Q. What is a dramatic monologue?

Answer: The Dramatic Monologue is a specific genre of poetry, which found one of its greatest exponents in Robert Browning. A Dramatic Monologue is delivered by a single imagined person to an imagined auditor. The whole poem generally centres round some critical moment in the life of the speaker who is not to be identified with the poet. All the necessary background information is supplied through the speeches of the person concerned, just as it is done in a drama. Characterization rather than action and concentration rather than collaboration, remain some of the chief stylistic characteristics of the dramatic monologue.

Q. In what sense may My Last Duchess be called a dramatic monologue?

Answer: Browning’s My Last Duchess reveals quite a few of the important features of the dramatic monologue. The entire poem is delivered by the Duke of Ferrara, who delivers his speech to the envoy of the count. All the necessary background information is supplied in course of the Duke speech. The speech clearly reveals the character of the man who delivers it. Psychological interest and character study are much more important here than action or description. The entire poem is marked by an admirable concentration of thought and a fine economy of expression.

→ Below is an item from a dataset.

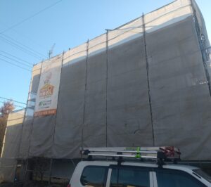 また、足場に飛散防止シートを設置することで、塗料のにおいや高圧洗浄時の水しぶき、塗料の飛び散りを防ぎ、近隣住宅への配慮にもつながります。
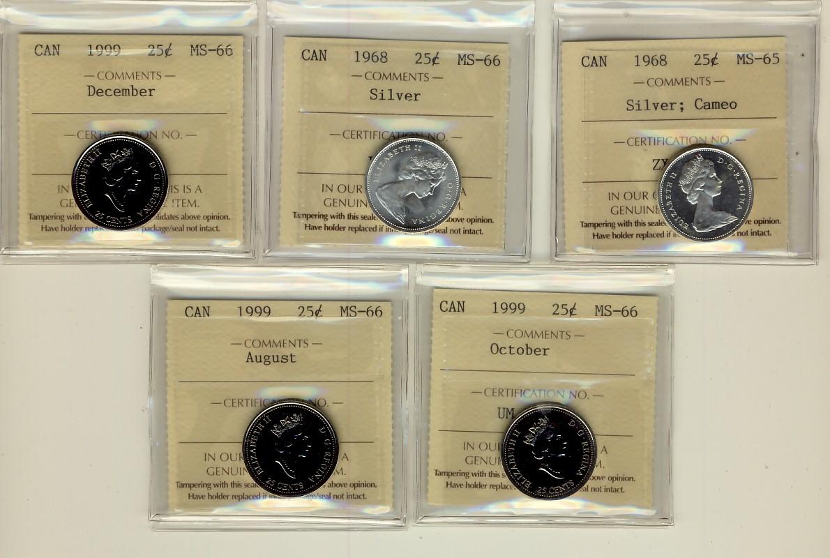1968 25¢ Silver MS65 & MS66, 1999 December, October & August MS66. Lot of 5 coins all ICCS graded.

Q. Explain the first two lines of My Last Duchess by Robert Browning.

Answer: In the first two lines of My Last Duchess, written by Robert Browning, the Duke is shown to paint of a portrait of his last judges and the tone is that of the sincere admiration of a genuine lover of art. The picture is lifelike as if the painter was able to capture the soul of the Duchess. The essential quality of the Duchess was an abundance of goodness and a sense of joy which she showed on people indiscriminately. That sense of joy made her cheeks flushed.

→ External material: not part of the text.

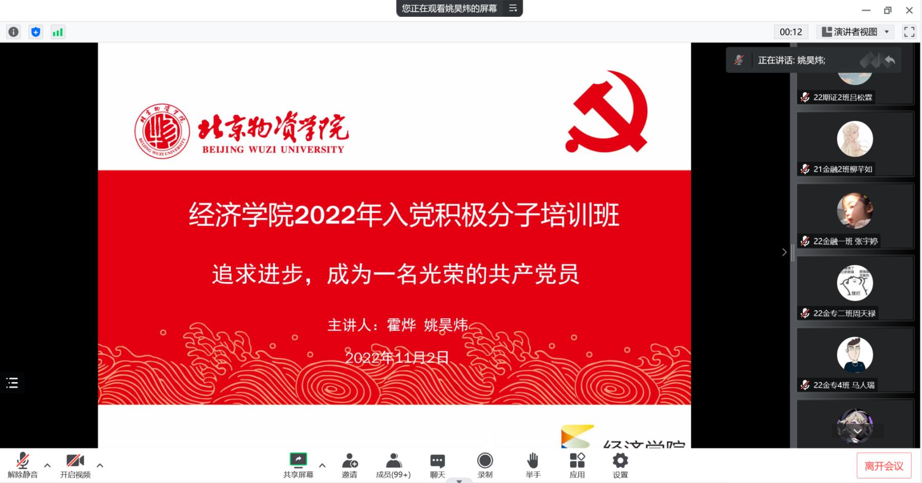 为进一步加强入党积极分子队伍建设,帮助同学们端正入党动机,坚定理想信念同时贯彻落实公司疫情防控要求,2022年11月2日中午,beats365线上举办2022年公司入党积极分子培训第一讲“追求进步,成为一名光荣的共产党员”。本次党课由beats365辅导员霍烨老师和姚昊炜老师主讲,2022年入党积极分子培训班共计210名学员参与学习。

Q. Which trait of the Duchess’ character irritated the Duke most?

Answer: The Duchess, the wife of the Duke of Ferrara, was a lady of free and frank disposition. She was easily pleased and was never slow in expressing that pleasure. She receives gifts from her husband an from others. With an equal degree of pleasure, thus, it was clear that she did not attach an special importance to her husband’s gift. Moreover, she had the habit of smiling not only at her husband, but everybody else. It is this trait of her character that irritated the Duke most.

Q. “This grew; I gave commands;

Then all smiles stopped together.”

-       - Bring out the implication of the lines quoted above.

Answer: The Duke of Ferrara thus speaks to the Count’s envoy in Browning’s poem, My Last Duchess. The Duchess had the habit of smiling not only at her husband, but at everybody else. This irritated the Duke, who felt that his wife had no special love or respect for him. He was an autocrat who was extremely conscious of his own privileges both as a ruler and as a husband. So when he thought that his wife was overstepping the bounds of modesty, he ordered her to be killed. By the expression “all smiles stop together” he ironically refers to this brutal murder of his wife.

Q. Do you think that the Duke of Ferrara delivers his speech to the Count’s envoy with some particular object in view?

Answer: Browning’s My Last Dutchess is a fine specimen of dramatic monologue in which the character of the Duke of Ferrara has been skilfully portrayed through his own speech. He is a man of autocratic temperament and is jealous of his own privileges. He loves to rule predominantly. His former wife was killed by his order because he did not find her behaviour to his taste. Now he has decided to marry the daughter of a Count whose envoy has been sent to him. He delivers his speech to the envoy in order to impress on him the fact that he would gain absolute and unconditional devotion from the woman he marries.